The Bubble is in Cash, Not Stocks…

By: Brad Thomas at:

We are repeatedly reminded by many so-called "experts" that the stock market is in a bubble, and that when central bank quantitative easing programs end stock markets will "crash."

However, it would appear that the only bubble is people's uncertainty of the future and their desire to hold large sums of cash. These high cash levels equate to a huge pool of marginal buyers, rather than sellers, for stocks and other "real" assets.

With more buyers than sellers the most likely next big move for stocks is up, not down. This will be the case until equity markets are overbought. Thus, until that time we should not concern ourselves with any material downside.

One of my guiding "mantras" is a quote from the famous value investor John B. Templeton:

Bull markets are born in pessimism, grow in skepticism, mature in optimism, and die in euphoria.

If one can simply identify where we are on this continuum then everything else falls in place! Yes, it does seem simple, but the hard part is interpreting the data and sentiment to discover where we are. In order to do this one needs to have been through a few market cycles to know what conditions of optimism and euphoria are all about.

I started trading in the mid 1980s and I have been through everything between now and then. Yes, it has been one hell of a ride. However, courtesy of this "journey" I know what optimism/euphoria is all about (thank the TMT bubble for that) and what all previous market tops had in common.

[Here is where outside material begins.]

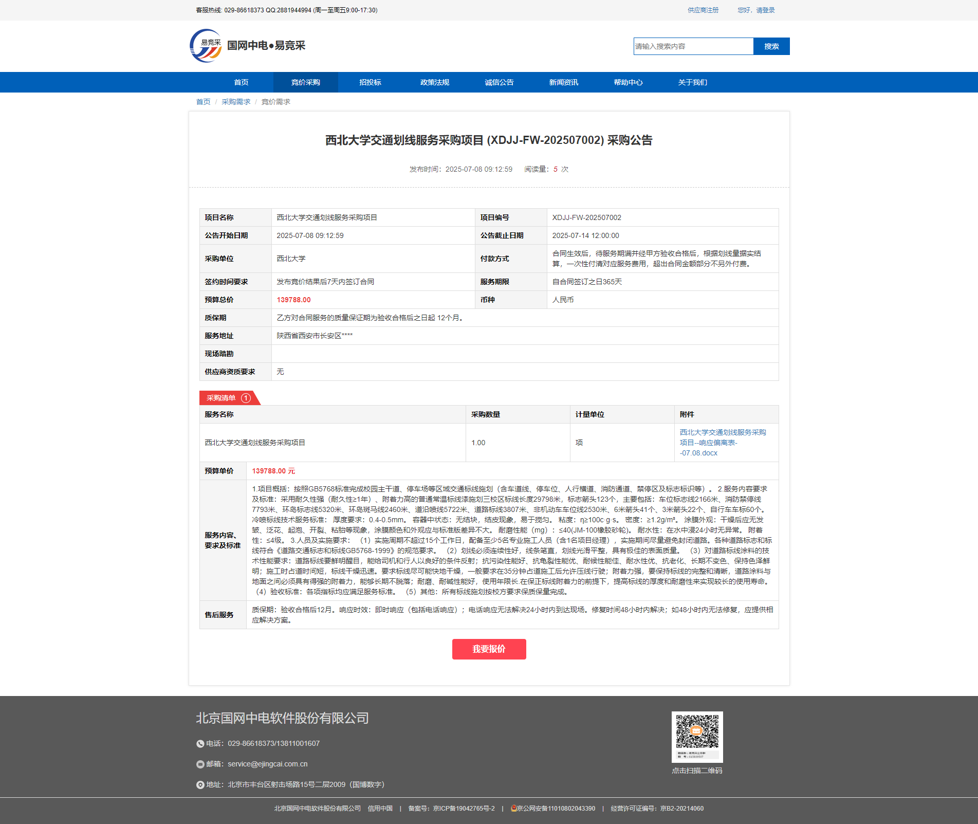 星空app官网交通划线服务采购项目 (XDJJ-FW-202507002) 采购公告

Contrary to popular belief the common trait wasn’t that they were expensive, rather it was that too many people owned stocks. Markets reach stages where they quite literally run out of buyers and that is when they are prone to significant downside movements.

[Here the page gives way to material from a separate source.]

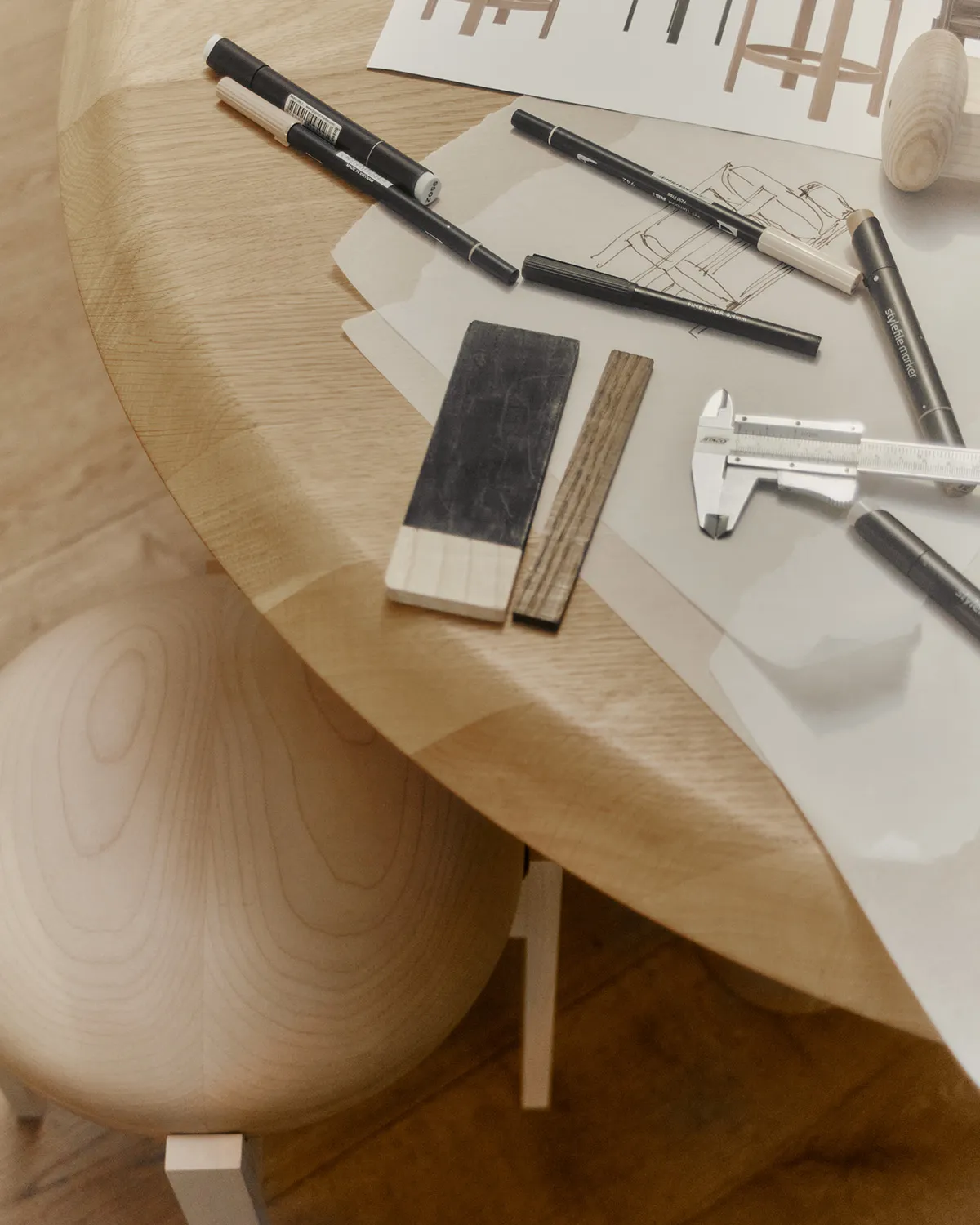 The Danish furniture designer Maria Bruun (b. 1984, based in Copenhagen) earned her master’s degree from the Royal Danish Academy of Fine Arts in 2012. In recent years, she has received Denmark’s two most prestigious design awards: the Wegner Prize (2022) and the Finn Juhl Prize (2021). She has gained international recognition for her innovative and sculptural designs, showcasing a deep understanding of the natural properties of wood, exemplified by the acclaimed Pioneer stool and the Islets table for Fredericia.

So let's have a look at a few indicators which will shed light on how the market is positioned – i.e. the "ratio of weak to strong hands". Previous market tops were characterized by high levels of consumer confidence. Granted no one indicator is perfect and free of "noise", however, it does seem that once the Conference Board Consumer Confidence Index reaches the 110 level the market is in danger of serious downside and investors should be very cautious of being over invested in stocks. Note where the index currently sits – right bang in "neutral" territory.